The town of Gorino in Ferrara was asked to accommodate 12 women, one of whom was pregnant, and eight minors who were with them.

As a coach arrived to take the refugees to a publicly-owned hostel, more than 200 locals turned out to block the road with bins, and planks of wood. Gorino itself has a population of only around 500, though some protesters are thought to have come from the larger neighbouring town of Gore.

The refugees had a police escort, but there was no violence, and the mayor of Ferrara has said the women and children will be given homes in other parts of the region.

A local official for the anti-immigrant Lega Nord (Northern League) hailed the protesters as “heroes of the resistance against the tyranny of acceptance”.

But many more in Ferrara and across the country condemned their actions, led by Prime Minister Matteo Renzi.

“Goro and Gorino, perhaps there could have been better communication from the state, but the Italy I know walks the extra mile to accommodate 11 women and eight children,” he wrote on Twitter (initial reports said there were 11 women, not 12).

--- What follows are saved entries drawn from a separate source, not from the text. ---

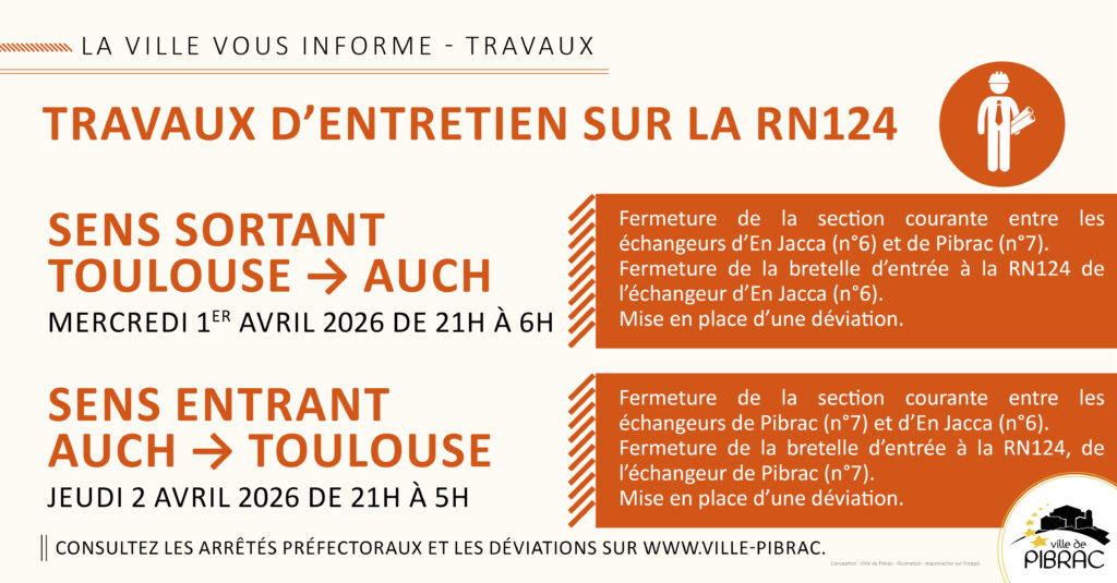 Des travaux d’entretien sur la RN124 entre les échangeurs En Jacca et Pibrac dans le sens sortant Toulouse > Auch se dérouleront le mercredi 1er avril de 21h à 6h et le jeudi 2 avril de 21h à 5h entre l’échangeur Pibrac et En Jacca dans le sens entrant Auch > Toulouse.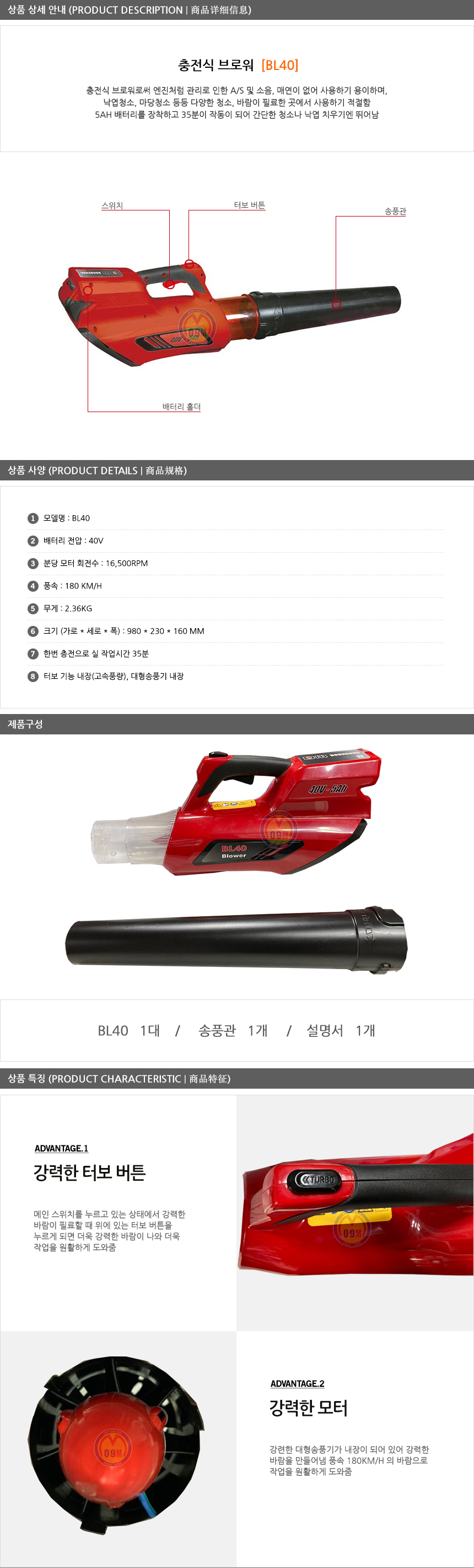 북성-40V 충전브로워세트 BL40 (5AH 1개) 북성공업, 송풍기, 울산 공구몰(MD)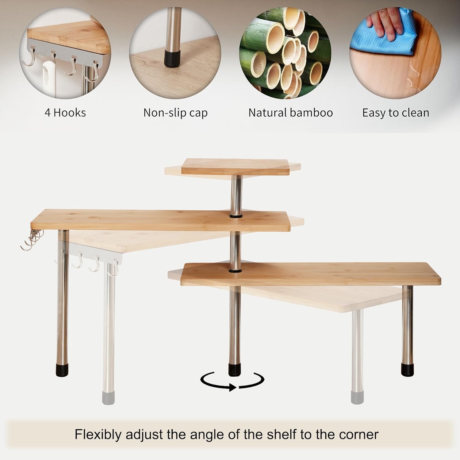 HYNAWIN Corner Shelf, 3 Tier Bamboo & Metal Storage Spice Rack-Desk, Space Saving Bookshelf with Hooks, Adjustable Display Shelf for Creative Home Décor Kitchen, Bedroom, Office (21CO)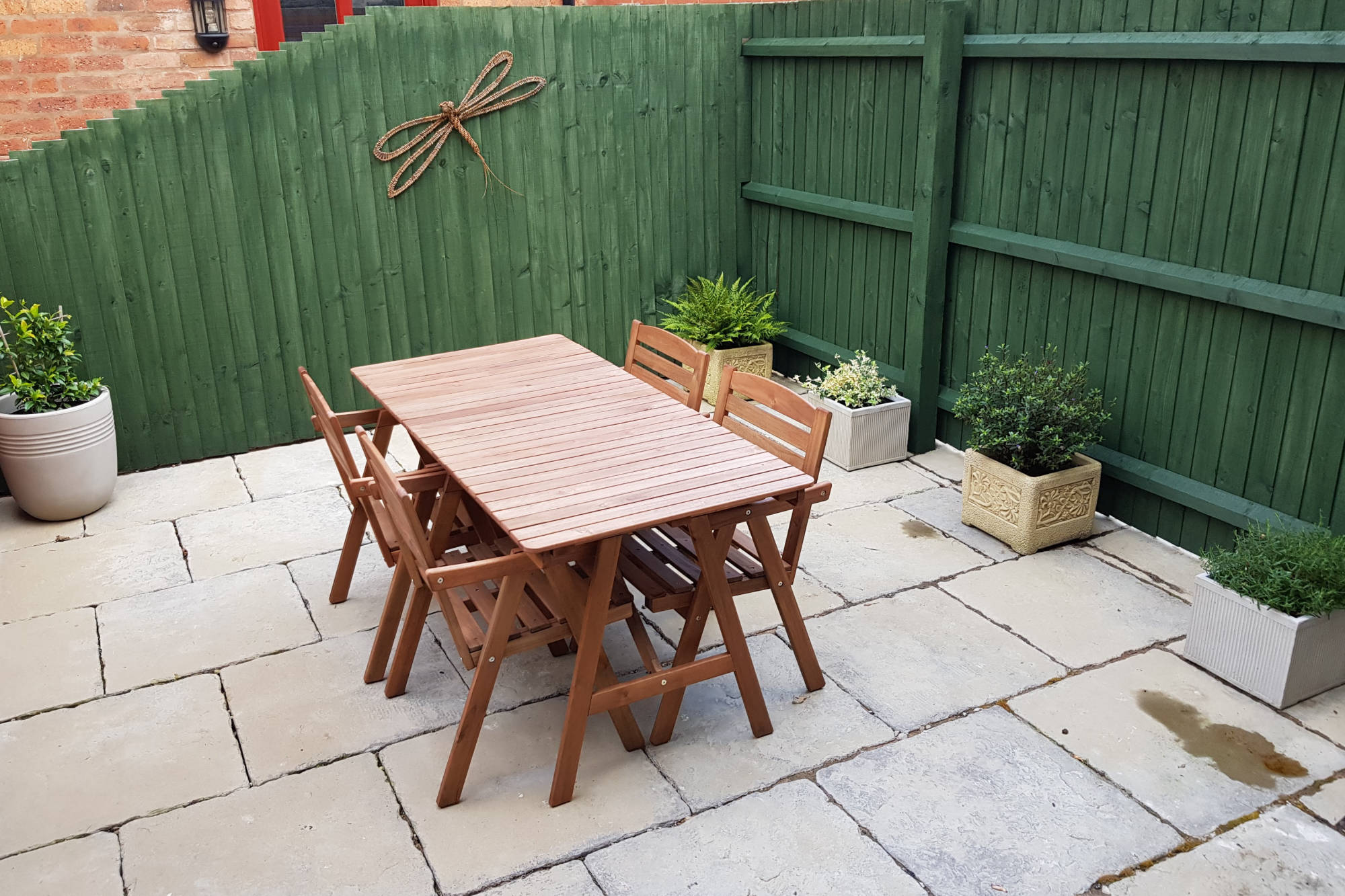 Courtyard Patio with Table & Chairs and planted pots. Cycle locking point. Private parking space immediately outside with EV charger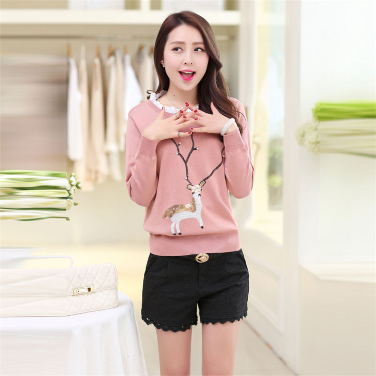 2015韓版秋冬裝新款毛衣女小鹿釘珠亮片刺繡花邊領(lǐng)寬松套頭打底衫 /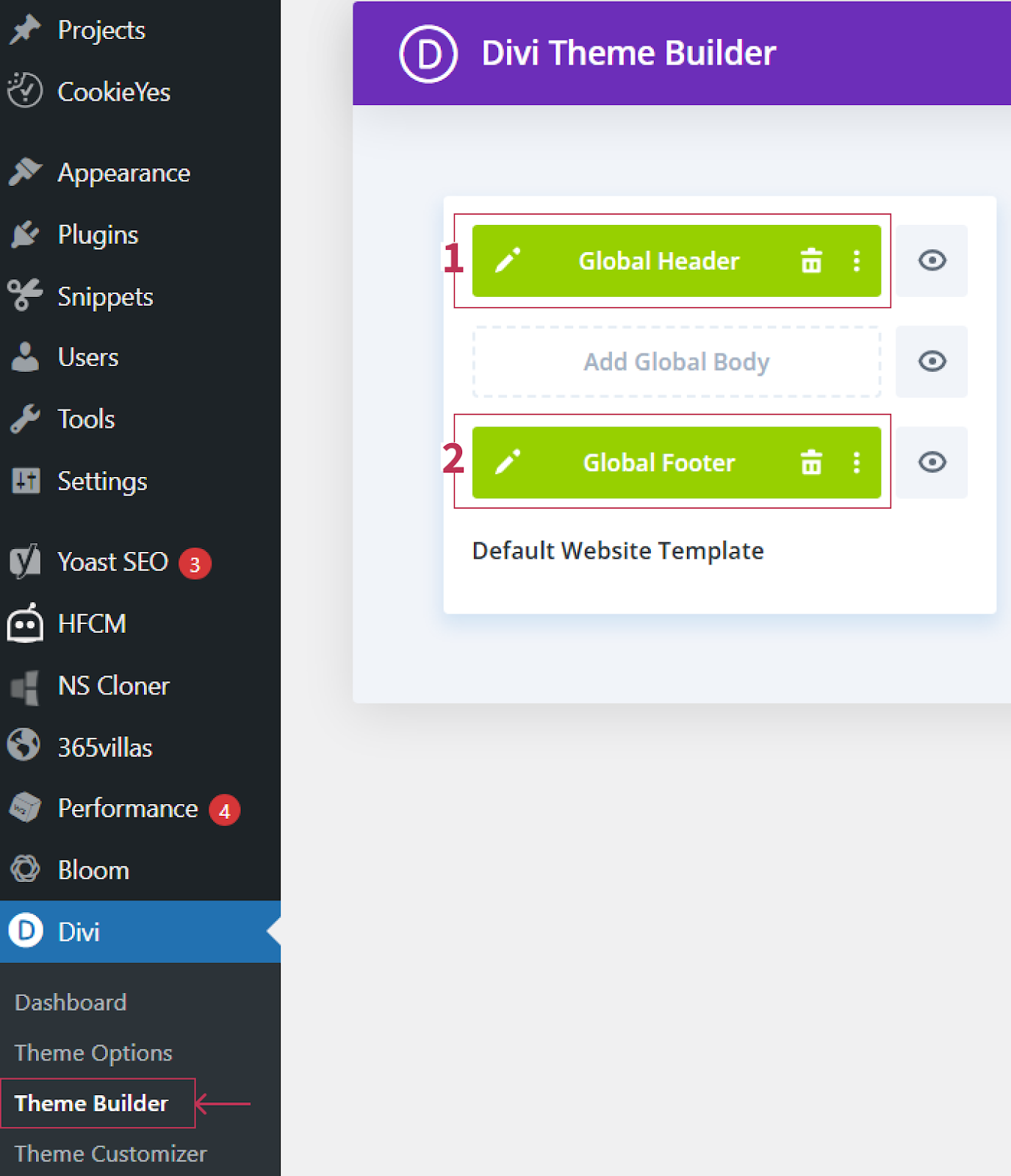 The first container stores the templates that are used as default on every webpage – we call this our global templates. Click the edit icon on either the green global header or footer bars to open the Divi Visual Builder.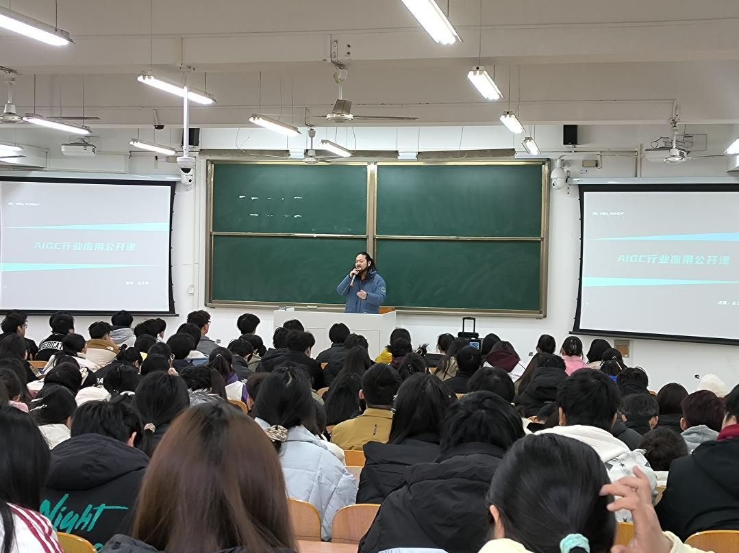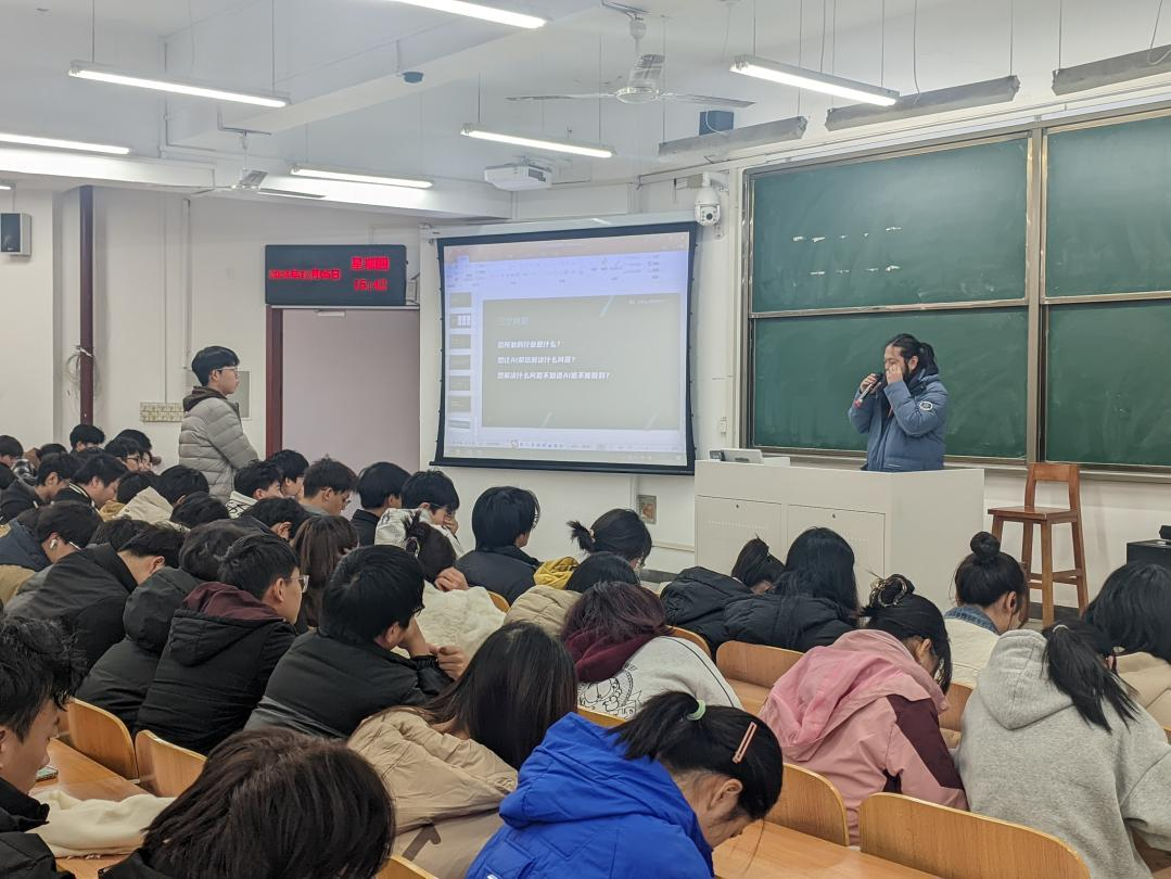 在互动环节,孟夕尧结合自身经验,与同学们积极交流互动,回应了大家对AI技术和职业发展的问题的困惑,他指出面对AI时代的到来,除了持续提升自身的专业技能,还要培养跨学科的知识结构和创新能力。

The Prime Minister’s tweet referred to a complaint from the manager of the hostel where the refugees were to be placed in Gorino, the “Love and Nature Hotel”, that the rooms required had already been booked by tourists.

On Tuesday afternoon, Interior Minister Angelino Alfano told the La7 radio station: "We can find all the excuses we want, but this is not Italy.

“Italy is the young people of Naples who help the rescuers on the pier when migrants arrive, or the Lampedusa doctor Pietro Bartolo," he said, referring to a doctor who helps migrant arrivals in Sicily.

The group of women and children will now be split up and sent to larger towns, including the picturesque city of Comacchio and Ferrara itself.